Rumah itu bersih dan luas. dan juga terasa cukup sunyi dan tenang.
Reynand dan Kirana diam-diam melepas sepatu mereka dan memasuki ruang tamu. Mereka berdua belum berbicara satu sama lain sampai mereka sampai di rumah.
Selama dua tahun menikah, mereka tidak pernah berbicara satu sama lain. Keduanya selalu diam, kecuali saat pergi ke pesta atau pertemuan yang banyak menarik perhatian, atau saat mereka berbagi informasi formal yang harus mereka ketahui sebagai pasangan.
Seolah familiar dengan keheningan rumah, begitu dia memasuki rumah, Kirana dengan diam berjalan menuju kamar.
Kemudian, sebuah suara berat terdengar dari belakang.
"Jangan pedulikan apa yang Mama katakan."
Kirana berbalik dan menatap Reynand yang sedang melepas jas hitamnya, dia berhenti di depan ruang ganti dan berkata.
“Mama memang orang yang cerewet. Jadi, dengarkan saja dengan telinga kiri dan keluarkan lewat telinga kanan.”
"......."
Bagaimana bisa mendengarkan dengan telinga kiri dan keluarkan lewat telinga kanan? Melihatnya mengatakan hal-hal mustahil dengan begitu mudahnya.
Kirana kehilangan kata-kata untuk sesaat.

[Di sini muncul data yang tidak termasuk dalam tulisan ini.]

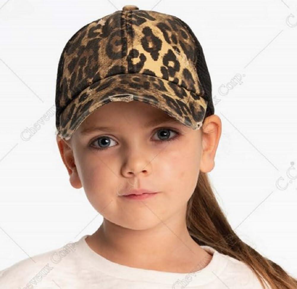 C.C. Childrens’ Kids’ Girls’ Criss Cross High Bun Adjustable Mesh Trucker Baseball Cap(Cotton Twill Denim)
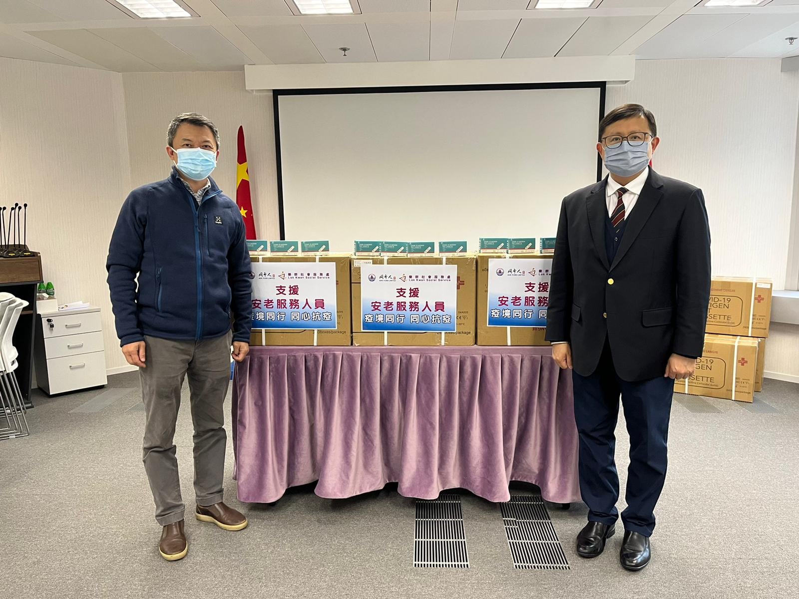 香港第五波新冠疫情嚴峻,安老院舍確診個案不斷上升,抗疫物資嚴重不足下,協會有幸得「香港再出發大聯盟」熱心捐贈約3000份快速抗原檢測包給安老院舍,以解燃眉之急。執委吳煒毅昨日(23日)親身前往「香港再出發大聯盟」辦公室,向立法會議員、大聯盟副秘書長黃英豪表達謝意,感激在抗疫物資匱乏下施以援手,幫助業界渡過難關。
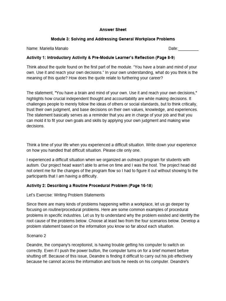 Activity 2: Describing a Routine Procedural Problem (Page 16-18)
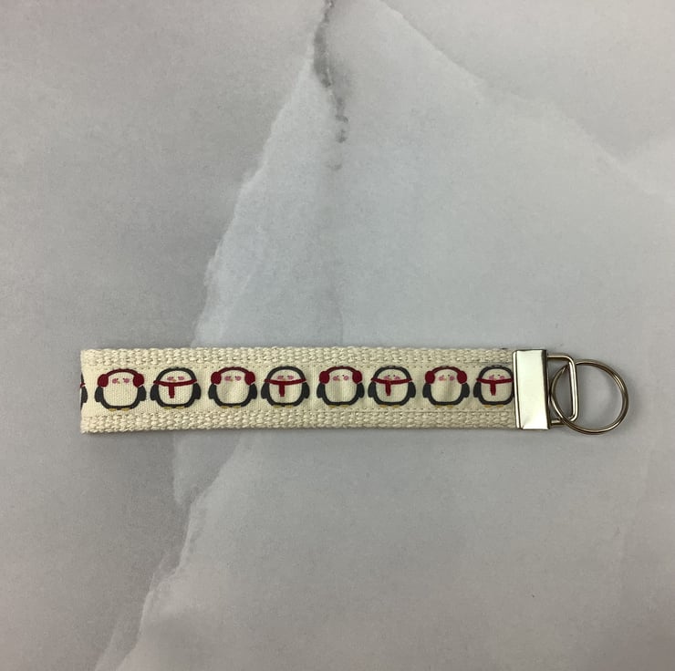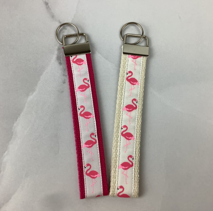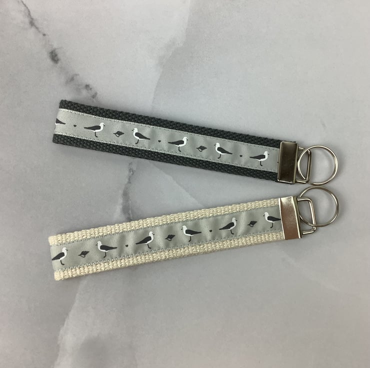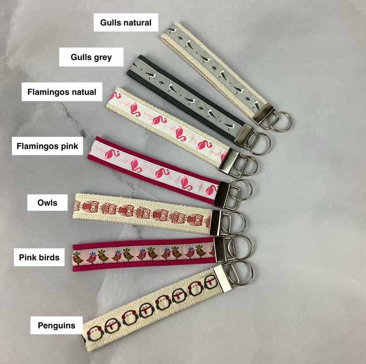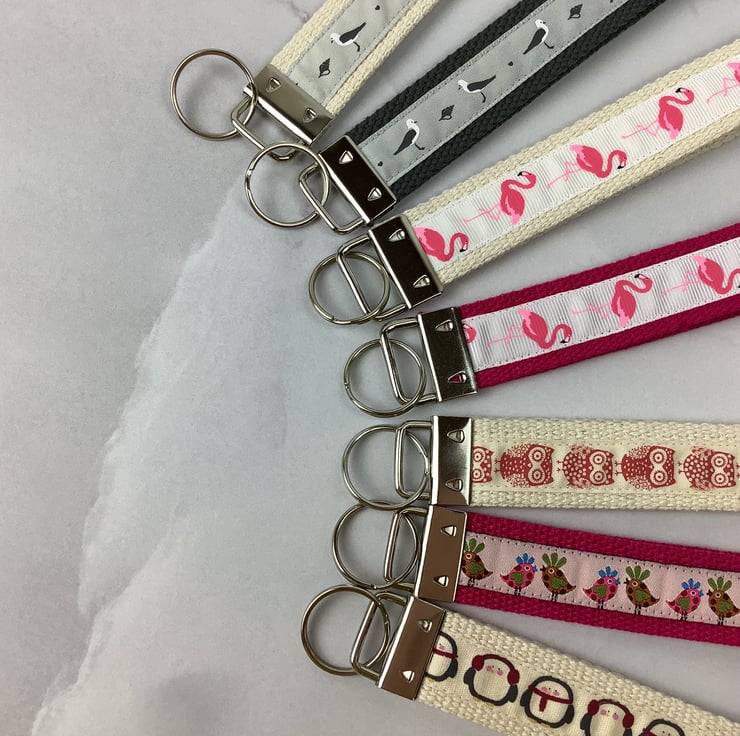 Handmade fabric key fob with a fun choice of bird themed ribbons backed by a cotton webbing.
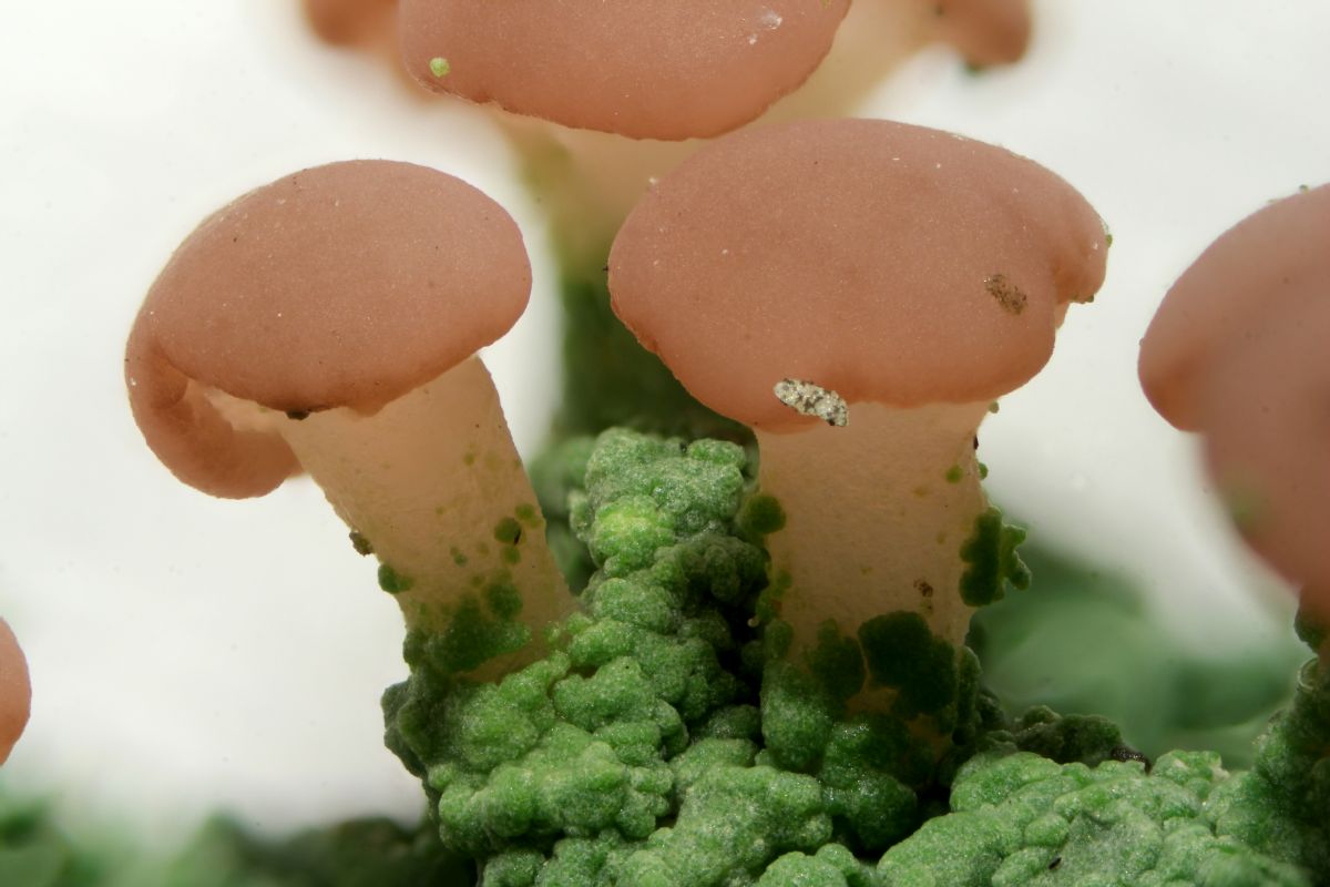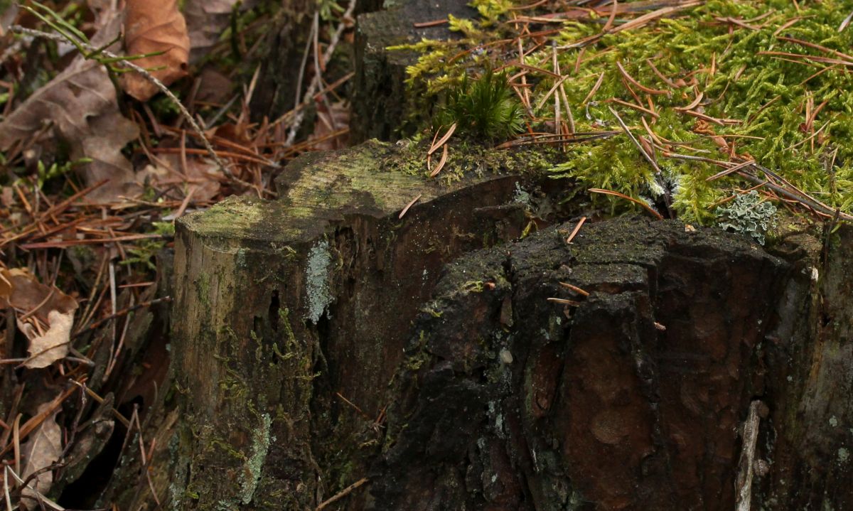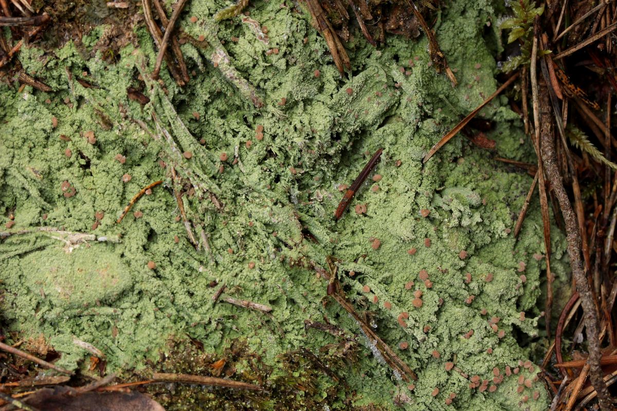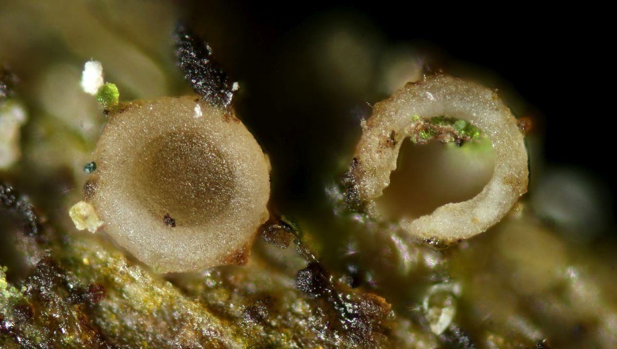 Dann schaute ich mir Stümpfe näher an, am zweiten wurde ich fündig. Eine kleine Becher bildende Flechte namens Coenogonium pineti.
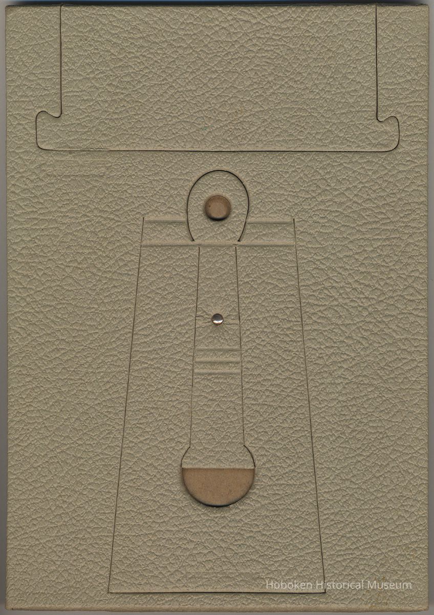 Sepia tone photo of Mildred Avantario posed for graduation photo, Hoboken, no date, circa June 1940. 4" x 6" print in photographer's frame, 5-7/8" wide x 8-1/2" high. Photograph taken by The Paap Studio, P. Morrone, Proprietor, 301 First St., Hoboken (as stamped on frame.) Reverse of photo is blank. Frame, embossed paper and cardboard, two tones, has a diploma motif. Cover glass cracked as received and discarded.
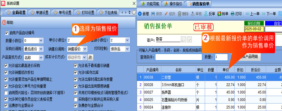 三、在【系統(tǒng)設(shè)置】中的【銷售價(jià)調(diào)用】選擇為【銷售報(bào)價(jià)】時(shí),通過前面錄入過的銷售報(bào)價(jià)單存檔,自動(dòng)調(diào)用最新報(bào)價(jià)單中的價(jià)格進(jìn)行銷售開單。
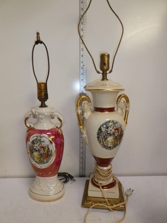 2 Ornate Ceramic Table Top Lamps
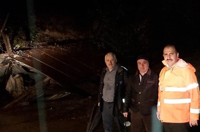 Arsin ilçesinde de aşırı yağış nedeniyle tek katlı bir ev yıkıldı.

"Aku harus segera pergi ke rumah sakit. Seperti yang dikatakan Mama, mungkin ada masalah di tubuhku."
Reynand memandangnya sebentar, lalu melonggarkan dasinya dan berkata.
"Jika ini pemeriksaan menyeluruh, saya setuju."
"......."
"Kamu kehilangan terlalu banyak berat badan akhir-akhir ini. Luangkan waktu dan pergi ke rumah sakit".
"...... Baiklah."
Tatapan Kirana beralih ke tangan Reynand yang sedang membuka kancing bajunya. Saat bagian atas tubuhnya yang kekar terlihat melalui kemeja yang tidak diikat kancing satu demi satu, Kirana menahan nafas tanpa sadar.
Merasakan ujung telinganya semakin panas, dia segera memalingkan muka dan berkata.
“Kalau begitu, kamu pasti lelah, jadi istirahatlah.”
Pada saat itulah Kirana berbalik dan menuju ruangan.
Sebuah tangan yang kuat mencengkeramnya, dan suara rendah terdengar di telinganya.
"Meskipun aku lelah, aku harus melakukan apa yang harus aku lakukan."
Tak lama, sebuah tangan besar melingkari pinggangnya.Matanya sedikit melebar, dan dia menoleh untuk melihatnya.
Melihat matanya yang gelap, Kiran langsung bisa merasakan apa yang akan dia lakukan.
Kirana meraih tangan yang tanpa dia sadari sudah menyentuh resleting roknya.
"Tunggu."
Alis Reynand berkerut karena tangan yang menghentikannya itu. Dapat dimengerti bahwa dia malu, Karena dia tidak pernah berhenti melakukan ini sebelumnya.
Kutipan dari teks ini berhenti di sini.